M953 Homework 1

Due Friday, January 25, 2002

For us a ring will always mean a commutative ring with multiplicative identity 1 not equal to 0.

[1] Recall that if I and J are ideals in a ring R, then IJ = {f1g1 + ... + frgr : fi is in I for all i, and gi is in J for all i}. Solution: (a) Elements of IJ are sums of products of an element of I with an element of J. Clearly, IJ is not empty (it contains 0, for sure). A sum of two such sums is just another such sum and hence is in IJ. Thus IJ is closed under addition. Also, if b is in IJ then b = f1g1 + ... + frgr for some fi in I and gi in J. So for any h in R, we have hb = (hf1)g1 + ... + (hfr)gr, and since I is an ideal we know hfi is in I for all i, and hence hb is in IJ. Thus IJ is an ideal of R if it is a subgroup of R under addition. But taking h to be -1 shows that IJ is closed under taking additive inverses, so it is a subgroup.
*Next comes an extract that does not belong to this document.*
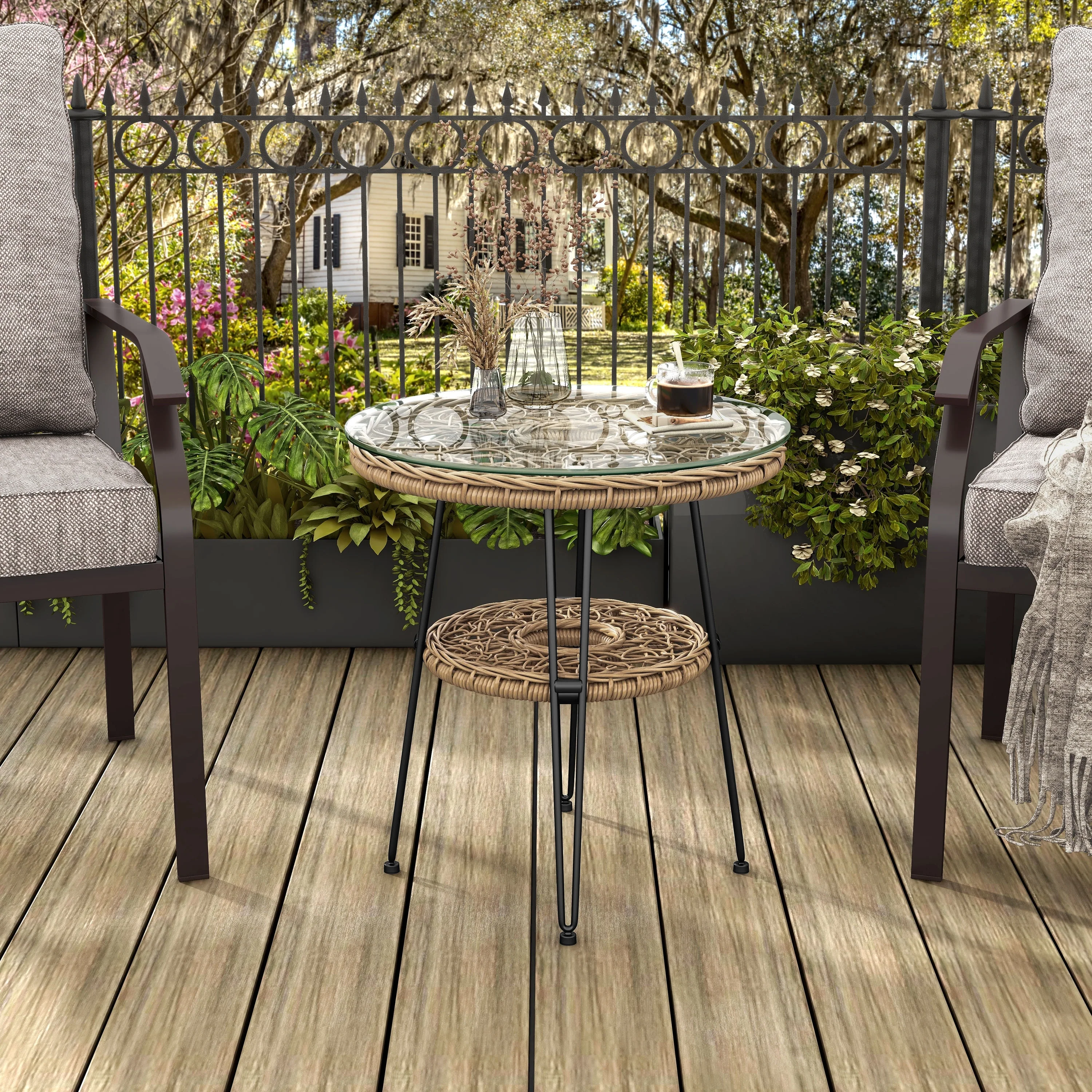 2-piece Outdoor Wicker Arm Table Patio Side Table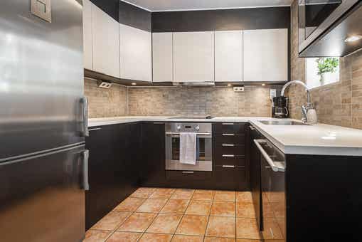De keuken is voorzien van fornuis met oven, koelkast, vriezer, vaatwasser, magnetron.

(b) If p is a point of Z(I), then f(p) = 0 for every f in I. Thus h(p) = 0 for every h of the form h = f1g1 + ... + frgr for some fi in I and gi in J, and hence h(p) = 0 for every h in IJ. Thus p is in Z(IJ). Similarly, if p is in Z(J), then p is in Z(IJ). Thus Z(IJ) contains the union of Z(I) and Z(J). For the reverse inclusion, it is enough to show that if p is in neither Z(I) nor Z(J), then p is not in Z(IJ). But if p is not in Z(I), then there is an f in I such that f(p) is not 0, and if p is not in Z(J) then there is a g in J such that g(p) is not 0. But fg is in IJ and (fg)(p) = f(p)g(p) is not 0 so p is not in Z(IJ), as we wanted to show.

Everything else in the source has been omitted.